For evolutionists to accept this observed and collected specimen of fossil prints as authentic would mean that they would have to put aside their belief that some 60 millions of years of time separate the evolution of dinosaurs from that of man; in fact man and dinosaur lived together before the Great Flood of Noah. It would shake there already unsteady humanistic denial of God and bring them face to face with a conscience that they have tried to ignore. Evolutionary time, of which we have made mention, is a factor that must be measured in the millions, if not billions, of years in order to give evolution time to work it’s wonders of unpredictable, chance occurrences. Do you believe that a group of hard core humanistic evolutionists with solid reputations in the evolutionary community to defend would allow evidence of this nature to be published in a science journal or to be circulated publically without bias and with impartiality? The answer to this question is that they would not and, indeed, have not. They claim that the method of recovery was unscientific and not observed by the professional community of accepted scientists when in fact they were invited to come and refused. There are other natural observations that reveal a more accurate measure of the time that has elapsed in the natural scheme of things if they are examined impartially. The fact is that this is just one of a number of examples that still exist to be seen by those with eyes to see.

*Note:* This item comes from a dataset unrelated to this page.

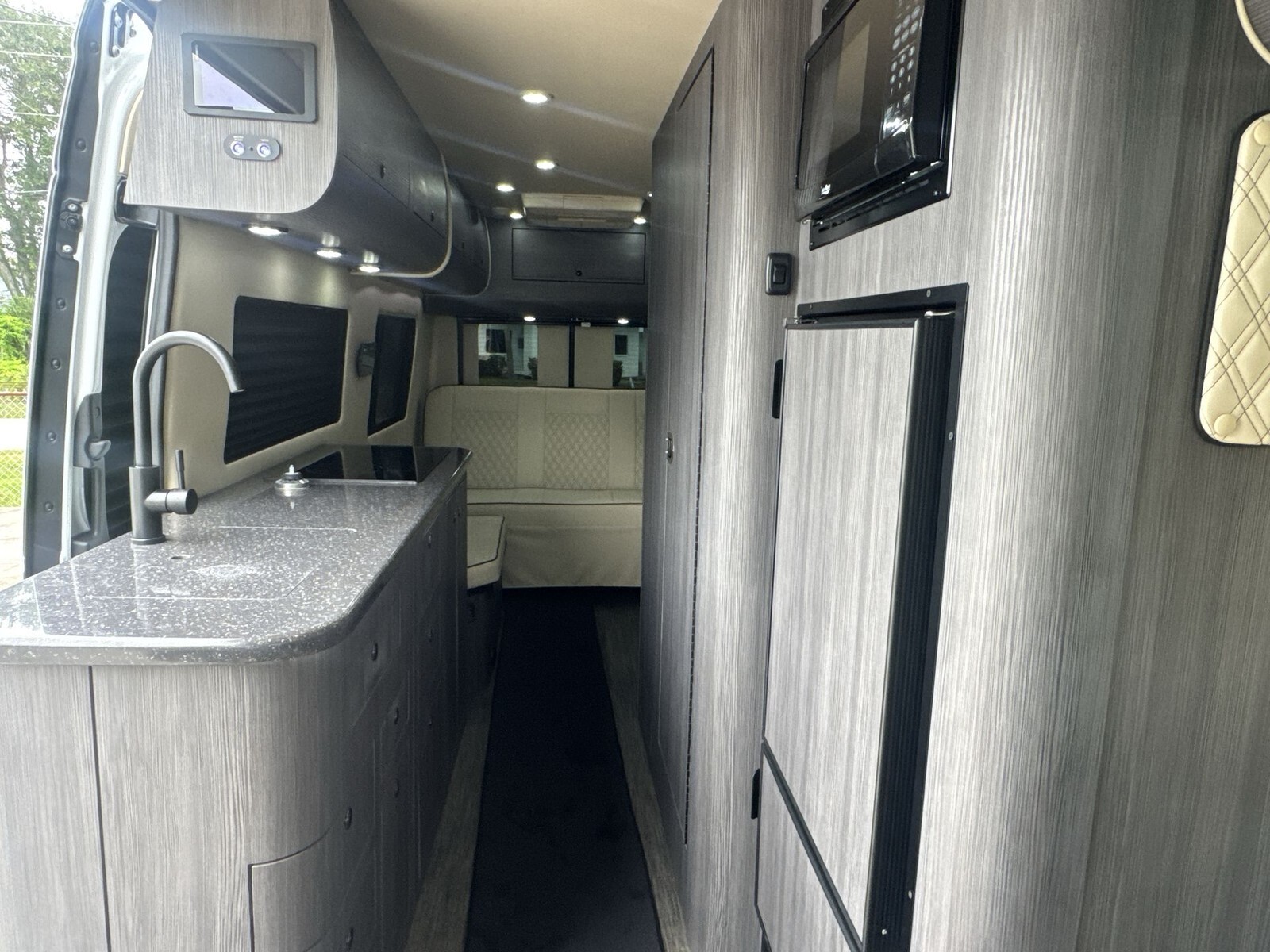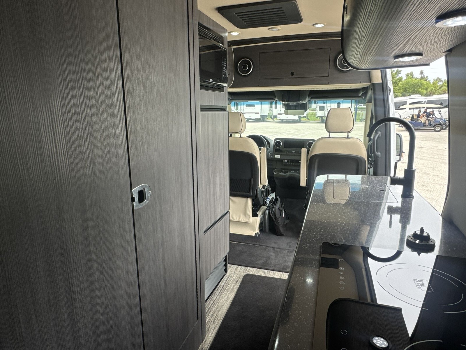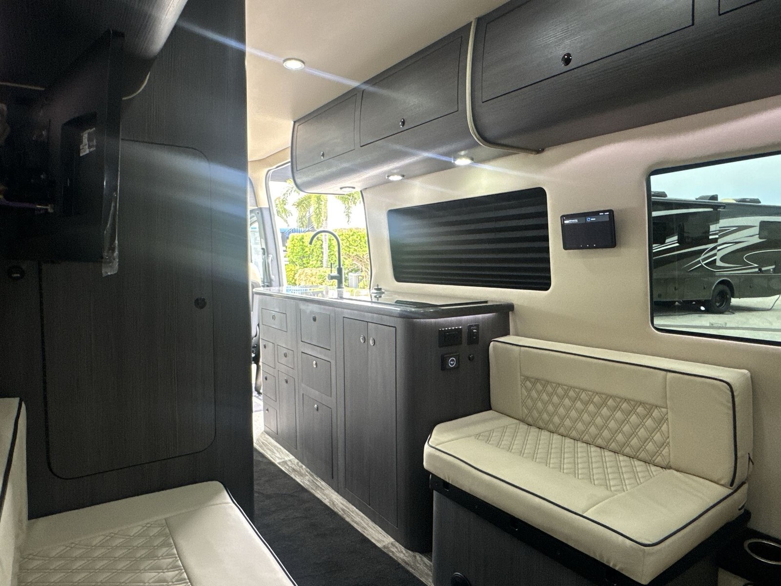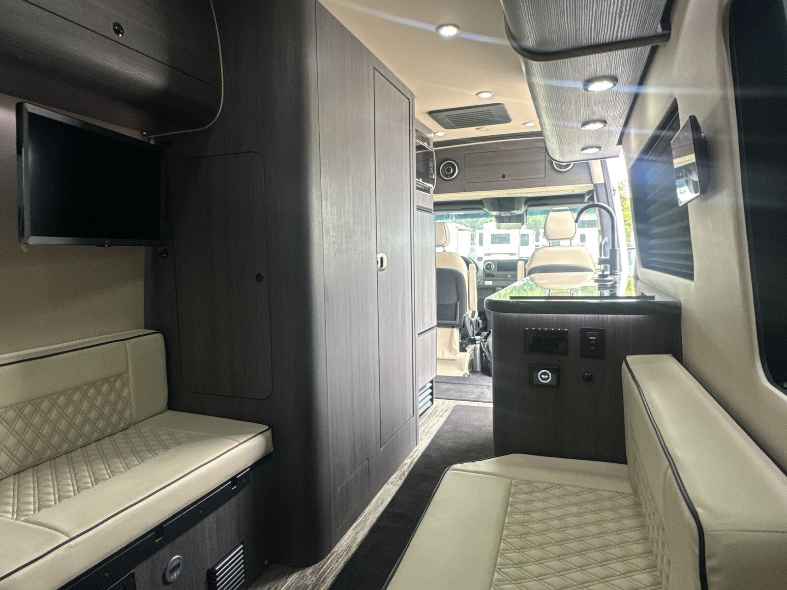 The 2025 Forest River OGV V-RV 5RL is a modern Class B diesel motorhome designed for travelers who value both adventure and comfort. Built on the dependable Mercedes-Benz Sprinter chassis, the 5RL provides a smooth and efficient driving experience, making it suitable for both short trips and extended journeys.The exterior of the 5RL features a contemporary design that enhances fuel efficiency and offers a stylish appearance. Its compact size allows for easy navigation through city streets and winding country roads. The durable construction and high-quality materials used in the exterior ensure longevity and resilience against various weather conditions.Inside, the 5RL is thoughtfully designed to maximize space and comfort. The rear lounge area includes plush seating that converts into a comfortable sleeping space for two, providing flexibility for both relaxation and rest. Large windows surround the living area, inviting

I have not written this article to instigate a debate between a Great Flood geologist like myself and the evolutionist community at large though I would be glad to engage in such a debate and have done so in the past. Such a debate seldom results in persuading the participants to adopt the opposing viewpoint. The truth of the Great Flood of Noah is in the stones for everyone to see. It is like pharaoh hardening his heart toward the truth of God’s power demonstrated in the ten plagues suffered by Egypt. The truth was there for everyone to see but they hardened their hearts toward God and suffered great loss. If the scoffers of today continue to harden their hearts against the true science of creation they will stand before God without excuse and God will proclaim, ‘depart from me all ye workers of inequity, I never knew you’. Dear God of us all have mercy on them.